Goal of the exercise: Your copy must start with the line containing "SYMPOSIUM - SEMINARIO: TUTELE" and end with the last line of the entries, matching them exactly and leaving out every picture.

Records excerpted from a collection:
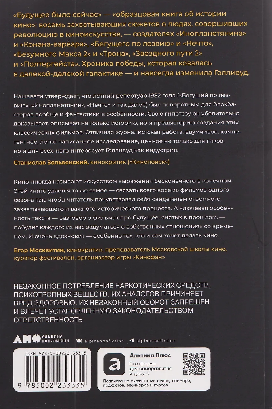 Kriss Našavatijs apraksta pavērsiena punktu Holivudas un pasaules kino vēsturē: mežonīgo 1982. gada vasaru, kuras laikā īsā laikā tika izlaistas astoņas kulta klasikas zinātniskās fantastikas filmas: "E.T." un "Konans barbars", "Pa asmeni skrējējs un lieta", "Trakais Makss 2" un "Trons", "Zvaigžņu ceļš 2" un "Poltergeists". Dažas bija absolūti grāvēji, citas cieta neveiksmi kinoteātros, tomēr visas galu galā ieguva nozīmīgu vietu kino vēsturē. "Nākotne bija tagad" ir "noteicošā grāmata par filmu vēsturi": astoņi aizraujoši stāsti par šo filmu veidotājiem, vīriešiem, kas veica revolūciju kino. Hronika par uzvaru, kas kaldināta tālā, tālā galaktikā, kas uz visiem laikiem mainīja Holivudu.
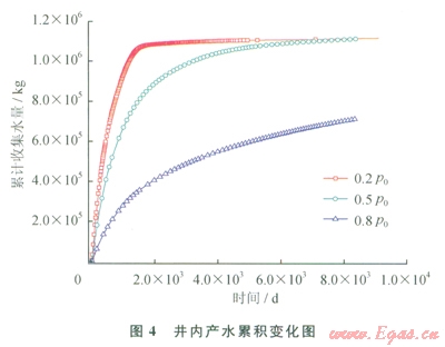 從上述研究成果町以得出,在0.2p0條件下,水合物藏中水合物全部分解,井內(nèi)收集到3.4×105m3的氣體。圖4為0.2p0、42℃,0.5p0、42℃,0.8p0、42℃這3種條件下,井內(nèi)收集水的累積變化圖。從圖4中可以看出,產(chǎn)水集中在開(kāi)采前期1500d,后期產(chǎn)水速率小。在0.5p0、42℃,0.8p0、42℃條件下,也有較大量的水被收集,表明也有較大量的水合物被分解了。圖5為整個(gè)開(kāi)采過(guò)程中3種條件下,井內(nèi)氣水比隨時(shí)間的變化圖。從圖5可以看出,0.2p0、42℃條件下,氣水比一直在增加,最大值達(dá)到304;而0.5p0、42℃條件下,氣水比增加緩慢,最大達(dá)到136;0.8p0、42℃條件下氣水體積比一直接近0,開(kāi)采后期也沒(méi)有改善??梢钥闯?,在井內(nèi)壓力高時(shí),井和物藏間的壓差不夠大,整個(gè)開(kāi)采過(guò)程,分解后的自由氣并沒(méi)有大量流人開(kāi)采井內(nèi)??梢?jiàn)減壓驅(qū)動(dòng)力對(duì)于分解后自由氣在井內(nèi)的收集非常重要。物藏和井之間壓差太小,自由氣一直留在物藏內(nèi),無(wú)法在井內(nèi)被收集。
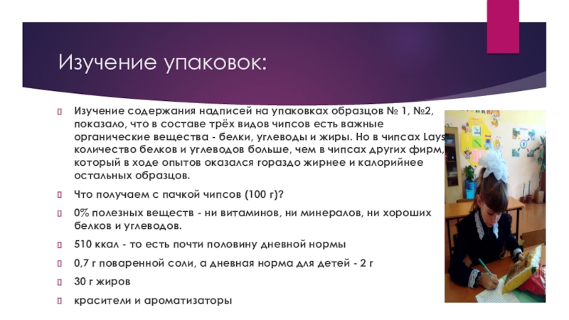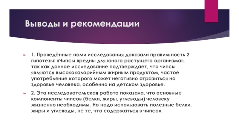 2. Эта исследовательская работа показала, что основные компоненты чипсов (белки, жиры, углеводы) человеку жизненно необходимы. Но надо использовать полезные белки, жиры и углеводы, не те, что содержаться в чипсах.
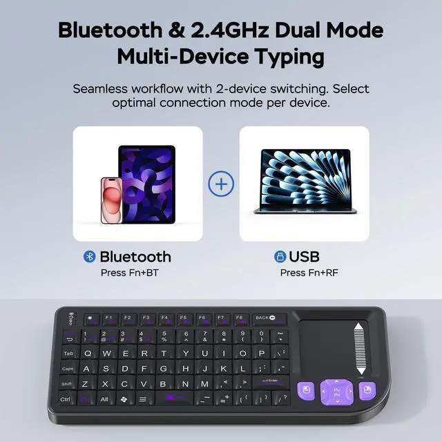 This product is compatible with most Bluetooth-enabled devices, including Windows, macOS, Android phones/tablets, smart TVs, and more.The included USB-A RF transceiver ensures compatibility with low-level environments like BIOS that only support basic USB keyboards
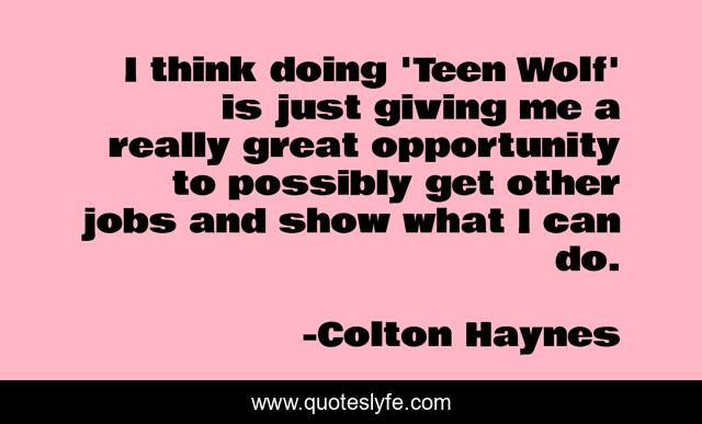 This page presents the quote "I think doing 'Teen Wolf' is just giving me a really great opportunity to possibly get other jobs and show what I can do.". Author of this quote is Colton Haynes. This quote is about giving, great, opportunity,.
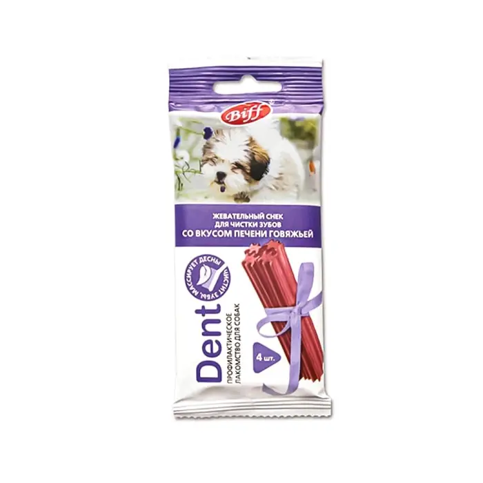 Biff DENT жевательные снеки - это профилактическое лакомство для собак, которое благодаря специально разработанной форме и текстуре, учитывает все особенности мелких пород. Рекомендованы для снятия мягкого зубного налета.
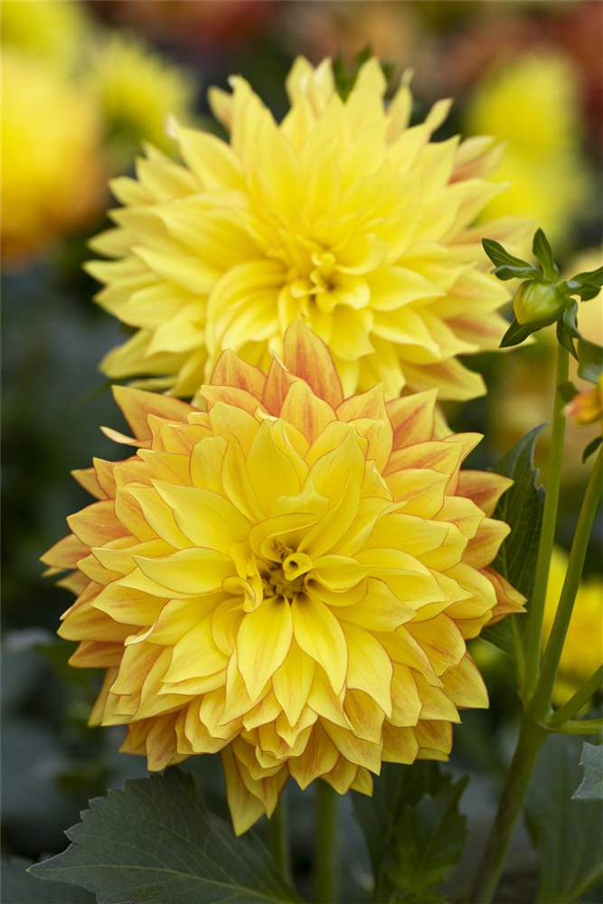 Die Dahlie 'XXL'® (Dahlia 'XXL'®) blüht über Monate hinweg. Je nach Sorte, erscheinen die dekorativen Blüten in den Farben Rot, Pink, Gelb und Rosa. Die dunkelgrünen, eiförmigen Blätter sind gezähnt. Bevorzugt wird ein sonniger Standort und eine durchlässige Erde.
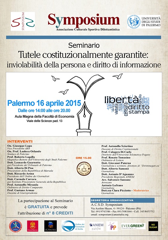 SYMPOSIUM - SEMINARIO: TUTELE COSTITUZIONALMENTE GARANTITE: INVIOLABILITA´ DELLA PERSONA E DIRITTO DI INFORMAZIONE
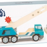 Der Kinderkran besteht aus hochwertigem Holz, Gummi, Metall und Stoff, was Langlebigkeit und eine lange Lebensdauer gewährleistet. Er eignet sich für Kinder ab 2 Jahren.
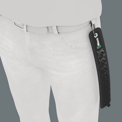 La sangle textile dotée d’un scratch au verso peut être fixée au passant de ceinture, à une sacoche, une servante d’atelier ou au système de transport d’outils Wera 2go.
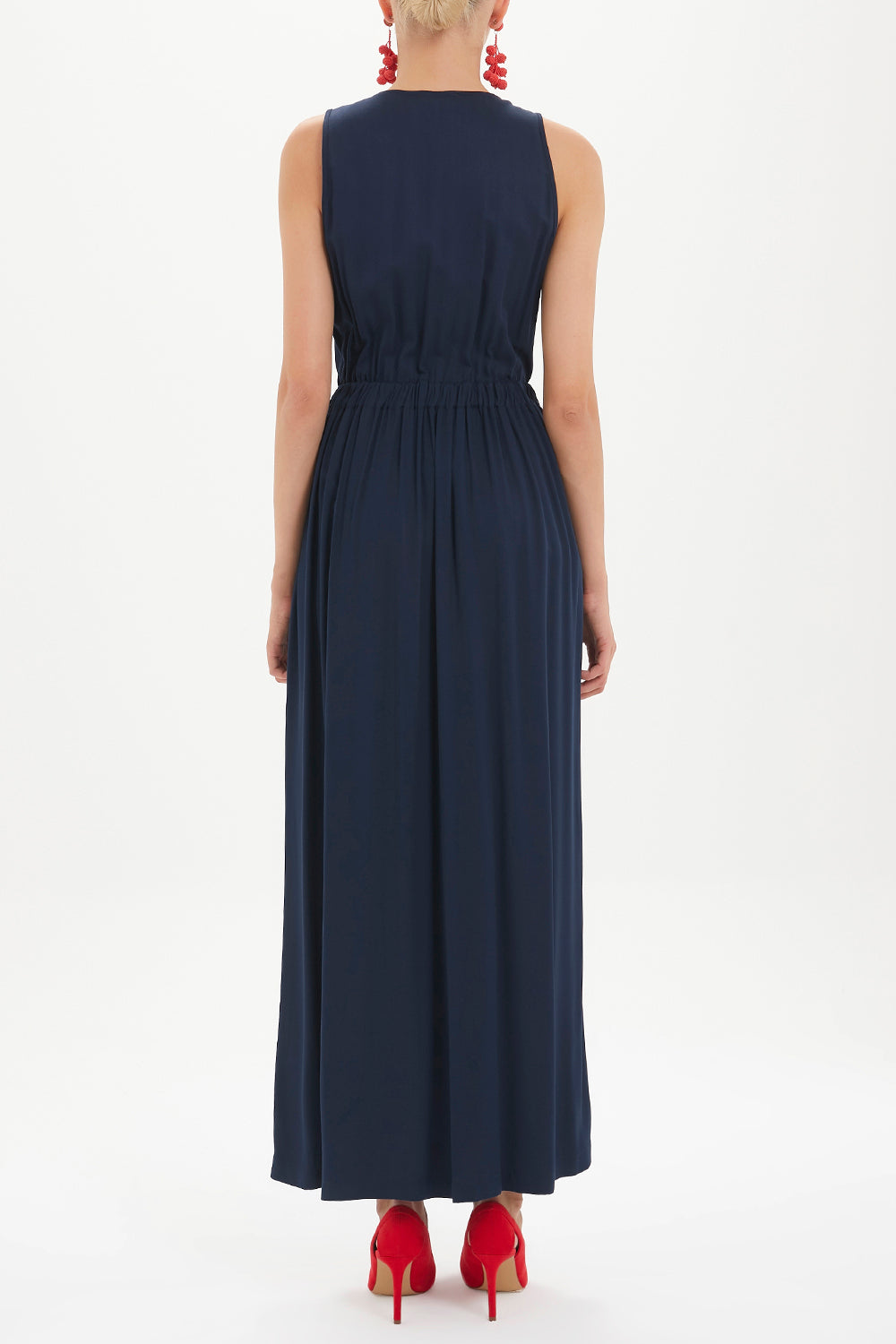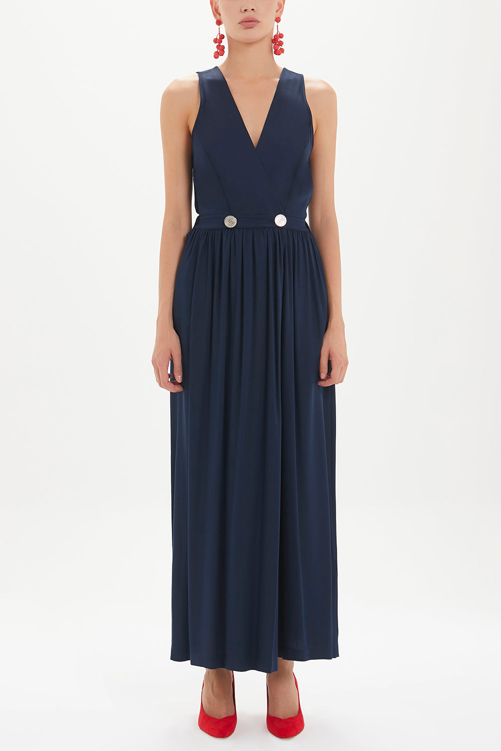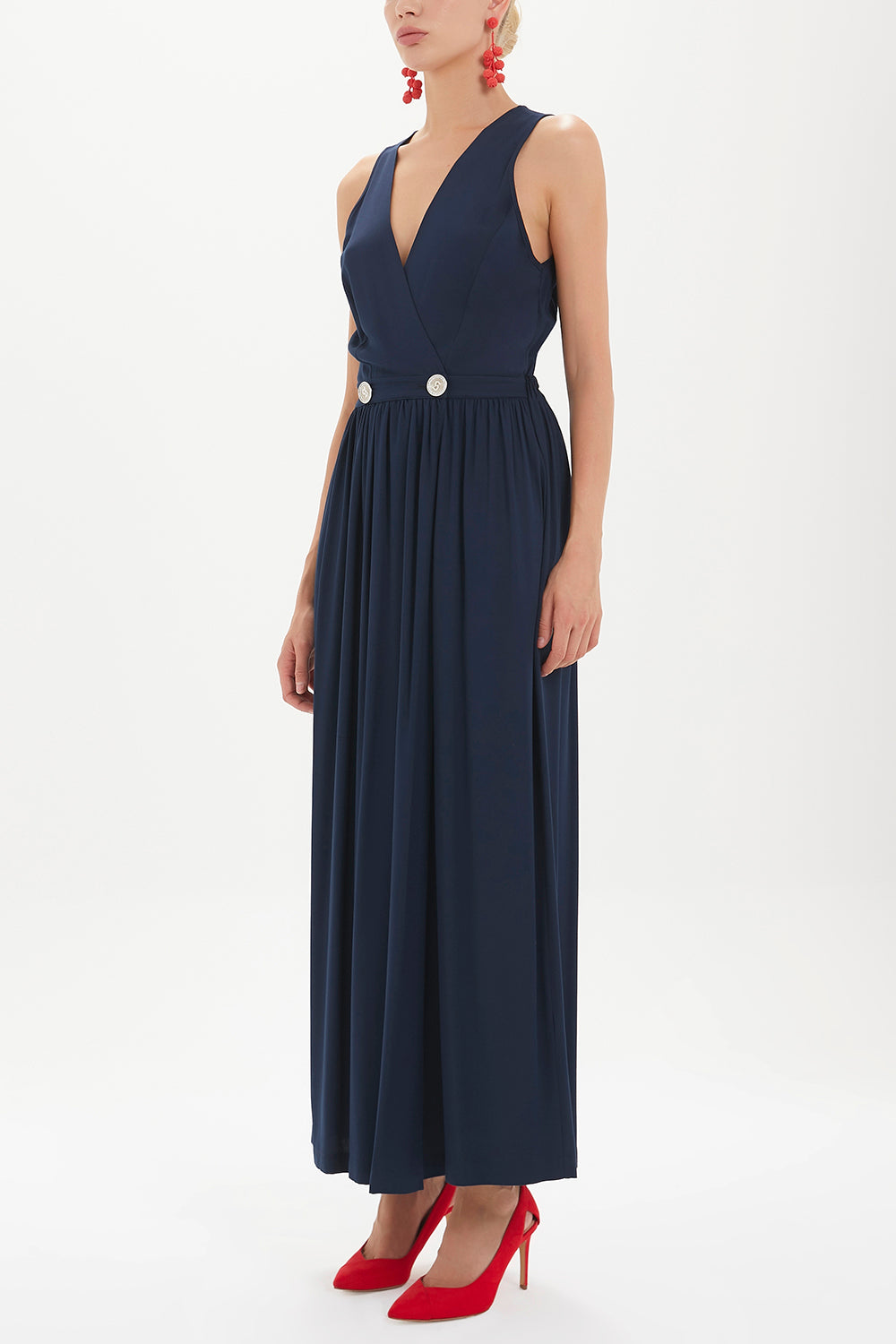 Lacivert Anvelop kapama kolsuz uzun elbise 92381

Solution for this problem:
 SYMPOSIUM - SEMINARIO: TUTELE COSTITUZIONALMENTE GARANTITE: INVIOLABILITA´ DELLA PERSONA E DIRITTO DI INFORMAZIONE
 Der Kinderkran besteht aus hochwertigem Holz, Gummi, Metall und Stoff, was Langlebigkeit und eine lange Lebensdauer gewährleistet. Er eignet sich für Kinder ab 2 Jahren.
 La sangle textile dotée d’un scratch au verso peut être fixée au passant de ceinture, à une sacoche, une servante d’atelier ou au système de transport d’outils Wera 2go.
 Lacivert Anvelop kapama kolsuz uzun elbise 92381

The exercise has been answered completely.